PROBLEM TO WORK ON:
Each line of the listing that contains the word "floral" is to be copied.
EXERCISE DATA below:
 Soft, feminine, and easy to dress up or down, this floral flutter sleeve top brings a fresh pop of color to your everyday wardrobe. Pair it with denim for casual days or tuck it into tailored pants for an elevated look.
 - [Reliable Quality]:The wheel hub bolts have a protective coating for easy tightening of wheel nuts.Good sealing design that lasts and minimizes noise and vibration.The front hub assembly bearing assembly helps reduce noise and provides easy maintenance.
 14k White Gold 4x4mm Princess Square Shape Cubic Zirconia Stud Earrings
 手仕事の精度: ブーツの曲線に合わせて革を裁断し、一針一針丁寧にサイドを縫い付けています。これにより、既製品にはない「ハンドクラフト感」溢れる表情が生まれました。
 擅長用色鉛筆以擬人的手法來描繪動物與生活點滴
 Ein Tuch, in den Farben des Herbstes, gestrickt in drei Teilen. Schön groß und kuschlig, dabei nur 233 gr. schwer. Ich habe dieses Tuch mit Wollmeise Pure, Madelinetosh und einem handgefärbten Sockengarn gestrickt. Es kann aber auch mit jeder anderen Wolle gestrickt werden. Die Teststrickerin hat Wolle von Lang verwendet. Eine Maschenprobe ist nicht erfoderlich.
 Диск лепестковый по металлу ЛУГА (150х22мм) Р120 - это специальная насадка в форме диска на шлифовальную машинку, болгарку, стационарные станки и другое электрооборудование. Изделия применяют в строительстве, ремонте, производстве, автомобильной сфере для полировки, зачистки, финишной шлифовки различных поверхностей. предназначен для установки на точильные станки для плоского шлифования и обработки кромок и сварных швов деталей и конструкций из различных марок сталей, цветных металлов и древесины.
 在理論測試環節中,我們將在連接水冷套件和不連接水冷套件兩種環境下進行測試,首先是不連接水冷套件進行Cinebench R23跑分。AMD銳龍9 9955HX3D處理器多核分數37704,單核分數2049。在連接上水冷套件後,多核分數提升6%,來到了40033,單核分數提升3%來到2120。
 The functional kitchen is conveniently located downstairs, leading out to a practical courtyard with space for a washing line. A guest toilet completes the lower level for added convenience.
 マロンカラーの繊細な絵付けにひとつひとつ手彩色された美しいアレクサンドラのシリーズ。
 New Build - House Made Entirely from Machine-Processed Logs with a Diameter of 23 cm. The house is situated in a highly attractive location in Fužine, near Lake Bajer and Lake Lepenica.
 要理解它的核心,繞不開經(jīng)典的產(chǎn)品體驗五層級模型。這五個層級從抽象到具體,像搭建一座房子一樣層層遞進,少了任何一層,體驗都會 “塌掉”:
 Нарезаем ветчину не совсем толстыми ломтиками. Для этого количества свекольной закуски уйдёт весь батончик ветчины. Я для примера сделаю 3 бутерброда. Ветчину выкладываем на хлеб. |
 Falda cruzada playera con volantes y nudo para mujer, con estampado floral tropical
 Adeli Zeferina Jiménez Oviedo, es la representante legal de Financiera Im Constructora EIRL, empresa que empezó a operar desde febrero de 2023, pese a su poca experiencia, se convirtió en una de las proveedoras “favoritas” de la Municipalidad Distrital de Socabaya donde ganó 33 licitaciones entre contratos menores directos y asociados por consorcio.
End of EXERCISE DATA.
EXERCISE RESPONSE:
 Soft, feminine, and easy to dress up or down, this floral flutter sleeve top brings a fresh pop of color to your everyday wardrobe. Pair it with denim for casual days or tuck it into tailored pants for an elevated look.
 Falda cruzada playera con volantes y nudo para mujer, con estampado floral tropical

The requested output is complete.